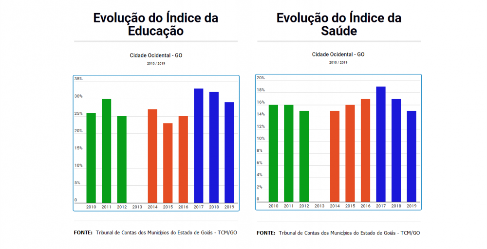 Outra área que se destacou, segundo o TCM, foi a saúde. O Governo atual de Cidade Ocidental chegou a destinar 19,82% da arrecadação para o setor. O índice histórico também supera o mínimo constitucional, que no caso da saúde é de 15%.
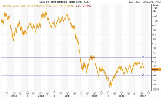 Il petrolio sta in quella confortevole fascia di oscillazione che rende assai conveniente ai produttori di shale darsi da fare perché ci guadagnano parecchio. E c’è da giurarci che da lì non si schioderà per lungo tempo. Guarda caso la Russia ha fatto sapere di non aver ancora deciso se proseguirà nel taglio della produzione concordato con i paesi Opec alla fine dell’anno scorso. Sarà mica che non ci rientra con questi prezzi?
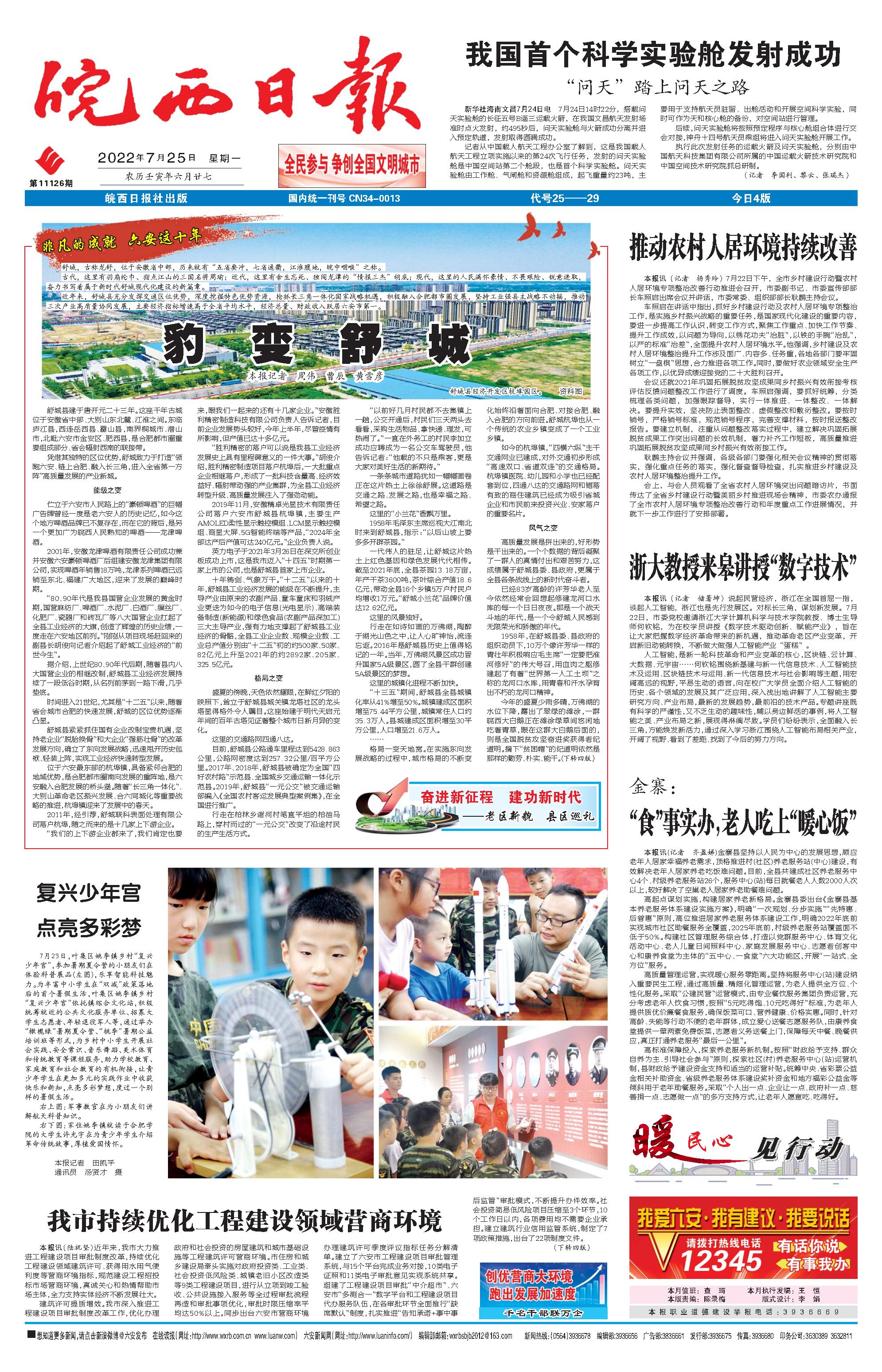 新闻 时间:2022年07月25日 来源:皖西日报
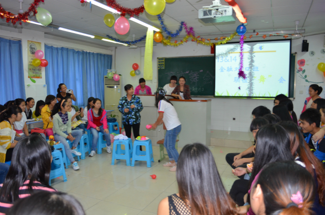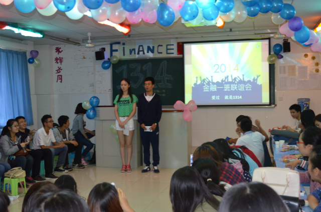 更值得一提的是14级各班对联谊会现场的布置。他们用各种可以利用的装饰迅速的将平时严肃的教室布置成了欢乐的活动现场,各种气球、彩带、剪贴画将教室装点成了一片温馨的海洋。
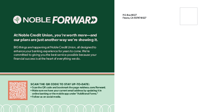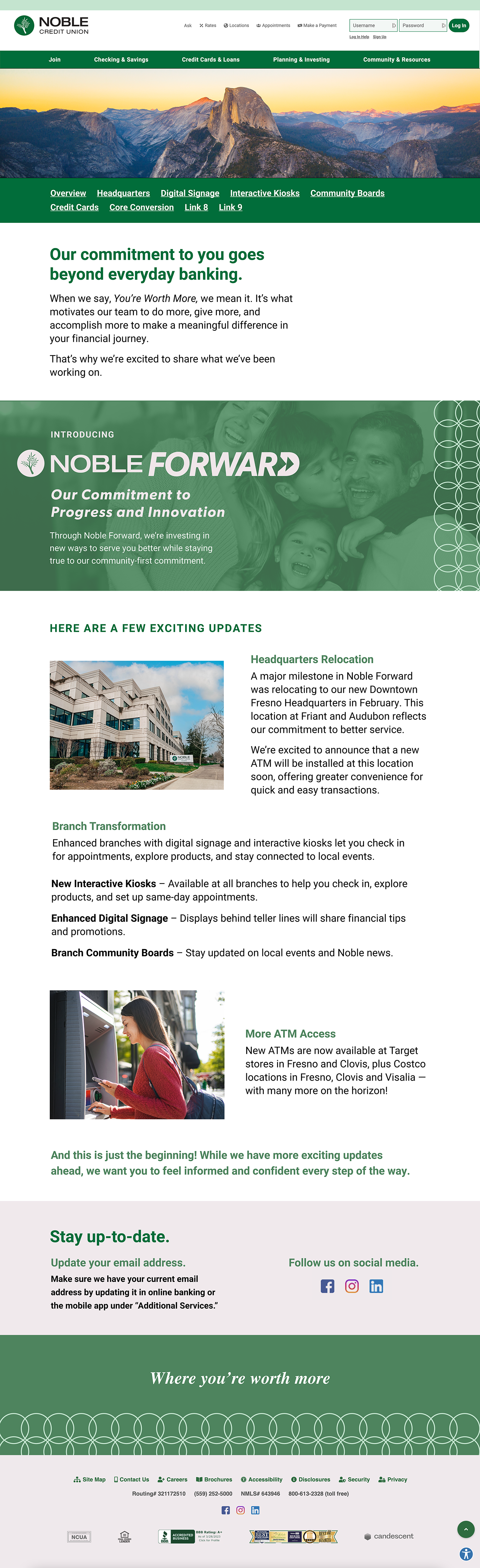 Created Noble Forward, a brand platform establishing common language and a centralized information hub for all four organizational initiatives. Sourced, vetted, and onboarded a creative agency to develop the platform's name, visual identity, messaging, and positioning with an approachable, empathetic, and helpful tone. Consulted with credit unions that had completed similar conversions to identify and avoid common pitfalls. Developed comprehensive member resources including a landing page serving as the single source of truth, print materials, and a 32-page System Upgrade Guide explaining what would change, when, and who would be affected. Hosted six branch open houses for members to speak directly with experts. The same materials and approach were used to train frontline staff, ensuring consistency across all member touchpoints.
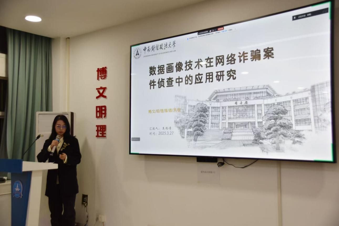 下一位同学是2023级侦查学硕士生王雨诗以《数据画像技术在网络诈骗案件侦查中的应用研究》为题展开深度分享。她首先阐释了数据画像的概念及其与智能人脸模拟画像和犯罪心理画像的关系,认为可将犯罪嫌疑人的整体数据画像划分为个人特征、社会交往特征、心理特征和职业技能特征四个维度,并介绍了画像数据的四个主要来源;她提出数据画像技 术在应用方面侧重于为预测、侦缉和串并案提供辅助,并重点分析了在电信网络诈骗犯罪案 件侦查中应用数据画像技术存在的问题,为此提出了区分数据优先级、重视被害人画像和线上线下画像相结合等多维度解决方案。
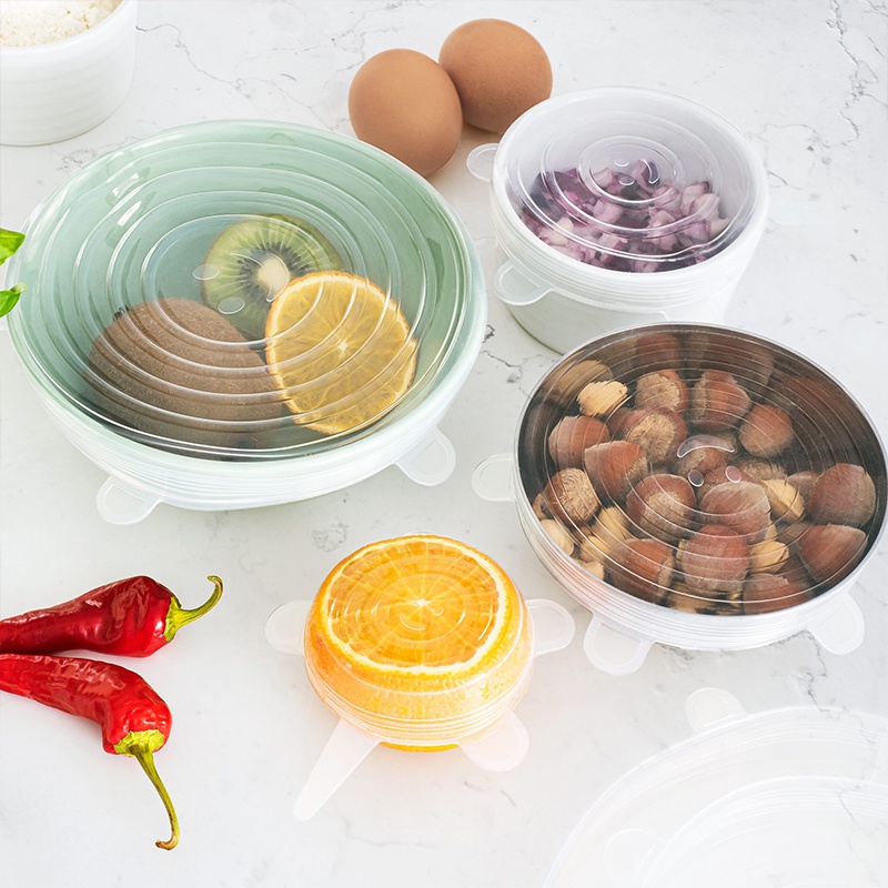 Set de capace care ajută la păstrarea prospețimii alimentelor, blochează mirosurile Flexibilitate ridicată de adaptare la recipiente de diferite dimensiuni Ochiurile proeminente facilitează punerea și scoaterea capacului Rezistent la temperaturi înalte și scăzute Se poate spăla în mașina de spălat vase Material: silicon Temperatura de lucru: - 40°C ... + 230°C Dimensiuni: 6,5 cm, 9,5 cm, 11,5 cm, 14,5 cm, 16,5 cm, 20,5 cm
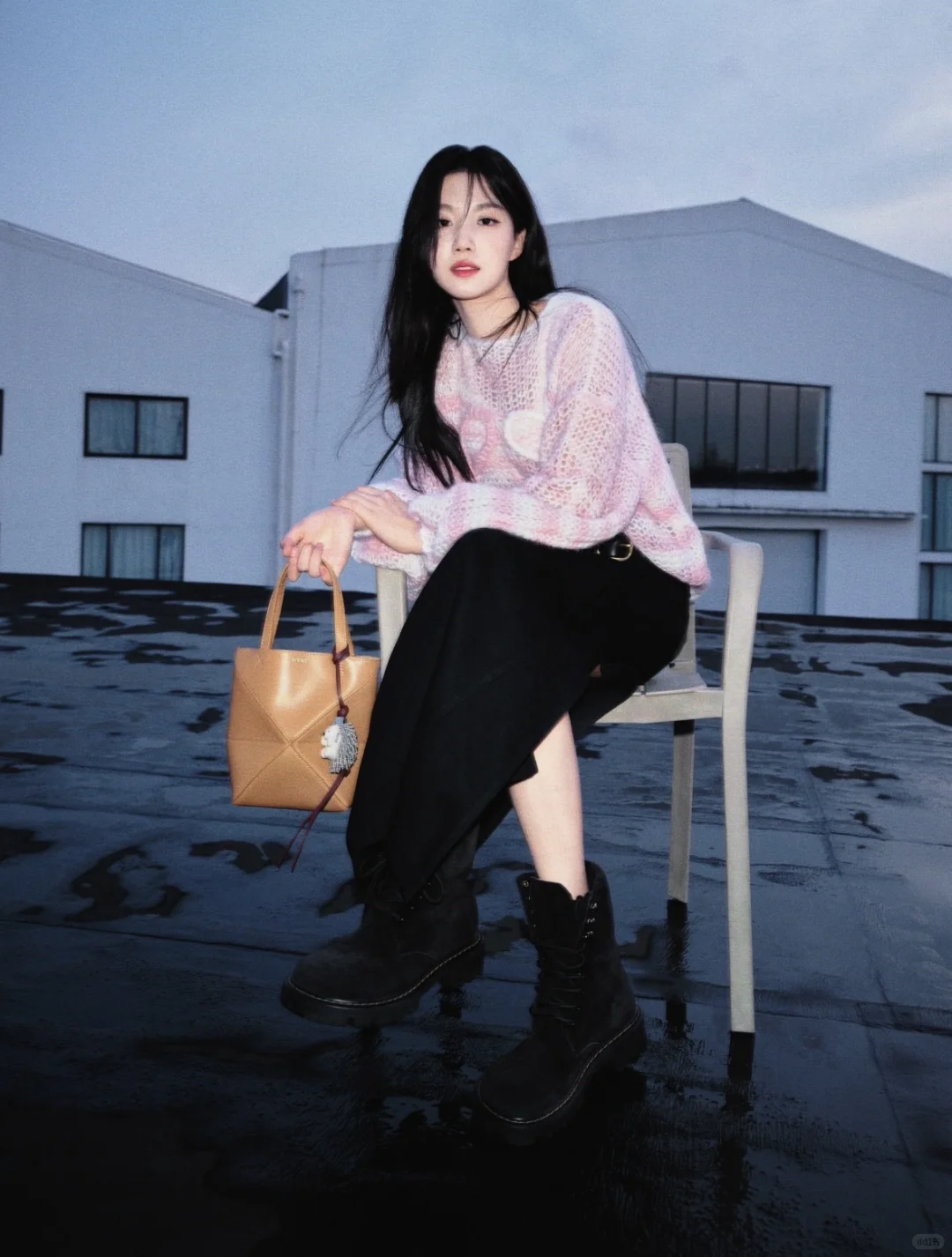 4️⃣:粉色镂空毛衣+黑色开叉裙+黑色马丁靴,甜酷少女风拿捏,这搭配出街回头率爆棚💥
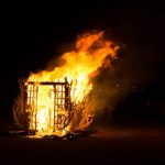 The burning of the ‘Temple of Essence’ was the highlight of 48 hours of events, which also included talks, yoga, and open mics. The all-white structure stood for two days, and the public was invited to write messages in chalk and bring in their booking documents and other papers. Then the organizers erected a twenty-foot barrier around the temple.

* Aim of the task *
Copy the entire listing exactly but skip the pictures.

* Exercise result *
 Outra área que se destacou, segundo o TCM, foi a saúde. O Governo atual de Cidade Ocidental chegou a destinar 19,82% da arrecadação para o setor. O índice histórico também supera o mínimo constitucional, que no caso da saúde é de 15%.
 Il petrolio sta in quella confortevole fascia di oscillazione che rende assai conveniente ai produttori di shale darsi da fare perché ci guadagnano parecchio. E c’è da giurarci che da lì non si schioderà per lungo tempo. Guarda caso la Russia ha fatto sapere di non aver ancora deciso se proseguirà nel taglio della produzione concordato con i paesi Opec alla fine dell’anno scorso. Sarà mica che non ci rientra con questi prezzi?
 新闻 时间:2022年07月25日 来源:皖西日报
 更值得一提的是14级各班对联谊会现场的布置。他们用各种可以利用的装饰迅速的将平时严肃的教室布置成了欢乐的活动现场,各种气球、彩带、剪贴画将教室装点成了一片温馨的海洋。
 Created Noble Forward, a brand platform establishing common language and a centralized information hub for all four organizational initiatives. Sourced, vetted, and onboarded a creative agency to develop the platform's name, visual identity, messaging, and positioning with an approachable, empathetic, and helpful tone. Consulted with credit unions that had completed similar conversions to identify and avoid common pitfalls. Developed comprehensive member resources including a landing page serving as the single source of truth, print materials, and a 32-page System Upgrade Guide explaining what would change, when, and who would be affected. Hosted six branch open houses for members to speak directly with experts. The same materials and approach were used to train frontline staff, ensuring consistency across all member touchpoints.
 下一位同学是2023级侦查学硕士生王雨诗以《数据画像技术在网络诈骗案件侦查中的应用研究》为题展开深度分享。她首先阐释了数据画像的概念及其与智能人脸模拟画像和犯罪心理画像的关系,认为可将犯罪嫌疑人的整体数据画像划分为个人特征、社会交往特征、心理特征和职业技能特征四个维度,并介绍了画像数据的四个主要来源;她提出数据画像技 术在应用方面侧重于为预测、侦缉和串并案提供辅助,并重点分析了在电信网络诈骗犯罪案 件侦查中应用数据画像技术存在的问题,为此提出了区分数据优先级、重视被害人画像和线上线下画像相结合等多维度解决方案。
 Set de capace care ajută la păstrarea prospețimii alimentelor, blochează mirosurile Flexibilitate ridicată de adaptare la recipiente de diferite dimensiuni Ochiurile proeminente facilitează punerea și scoaterea capacului Rezistent la temperaturi înalte și scăzute Se poate spăla în mașina de spălat vase Material: silicon Temperatura de lucru: - 40°C ... + 230°C Dimensiuni: 6,5 cm, 9,5 cm, 11,5 cm, 14,5 cm, 16,5 cm, 20,5 cm
 4️⃣:粉色镂空毛衣+黑色开叉裙+黑色马丁靴,甜酷少女风拿捏,这搭配出街回头率爆棚💥
 The burning of the ‘Temple of Essence’ was the highlight of 48 hours of events, which also included talks, yoga, and open mics. The all-white structure stood for two days, and the public was invited to write messages in chalk and bring in their booking documents and other papers. Then the organizers erected a twenty-foot barrier around the temple.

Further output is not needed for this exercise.